Verify offline: After first downloads, disable networking and re-run your commands.
Keep models organized: Store GGUF models under
~/models, embeddings DBs under project folders.
Conclusion and next steps
You now have a private, offline AI toolkit on Linux:
Local LLM with Ollama (or llama.cpp) for chat and generation.
Whisper.cpp for fast offline transcription.

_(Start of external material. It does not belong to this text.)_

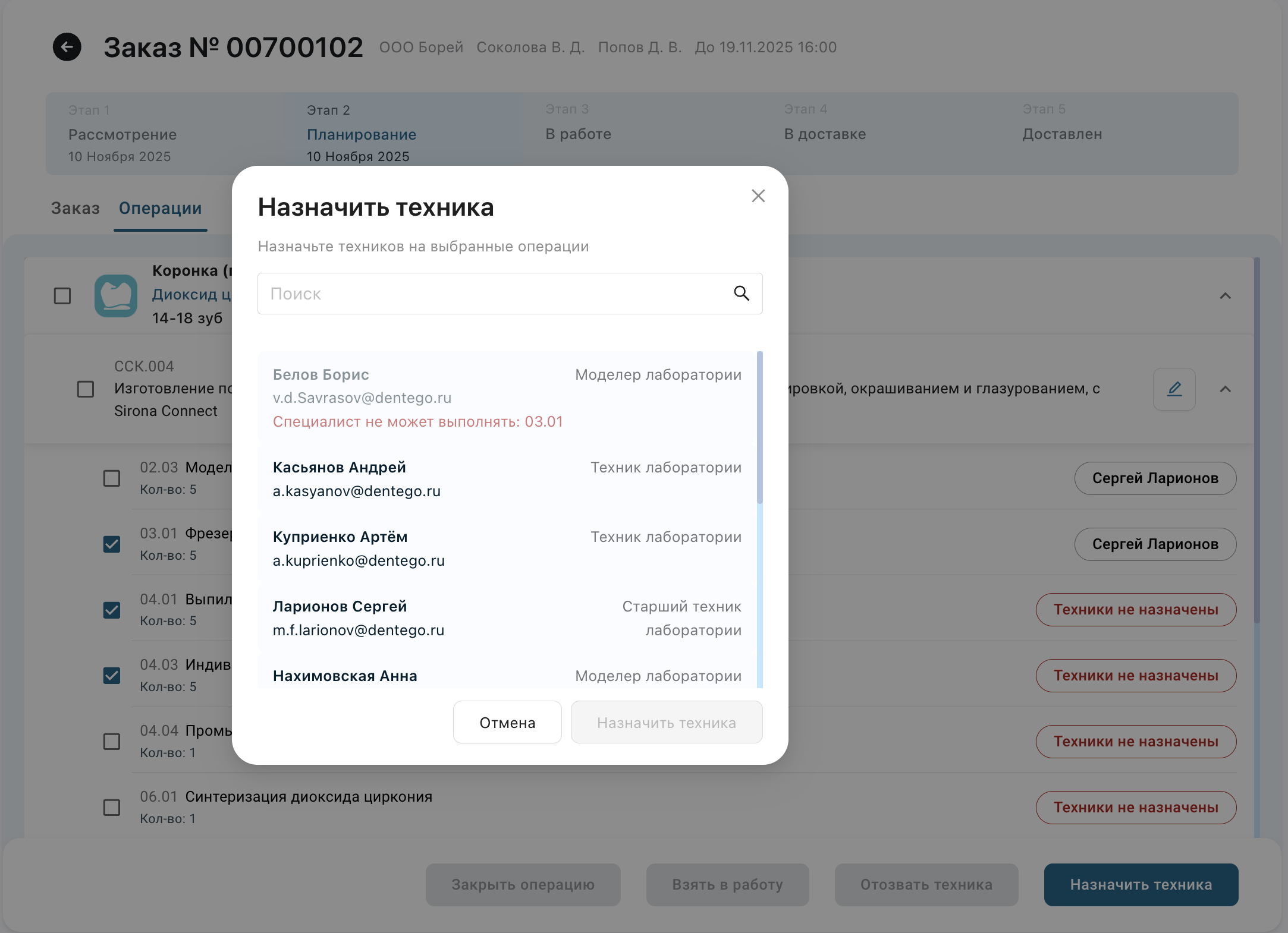 Назначьте техников на все операции заказа.

A minimal RAG stack to query your own documents.
Optional OCR with Tesseract.
Next steps:
Automate workflows with Bash scripts and cron (e.g., daily transcript processing).
Explore different models in Ollama (code, math, multilingual).
Add a simple TUI or web front-end, or extend the RAG script with better chunking and citations.
Consider GPU acceleration when you’re ready for more speed.
Your data. Your machine. Your AI. Go build something useful—offline.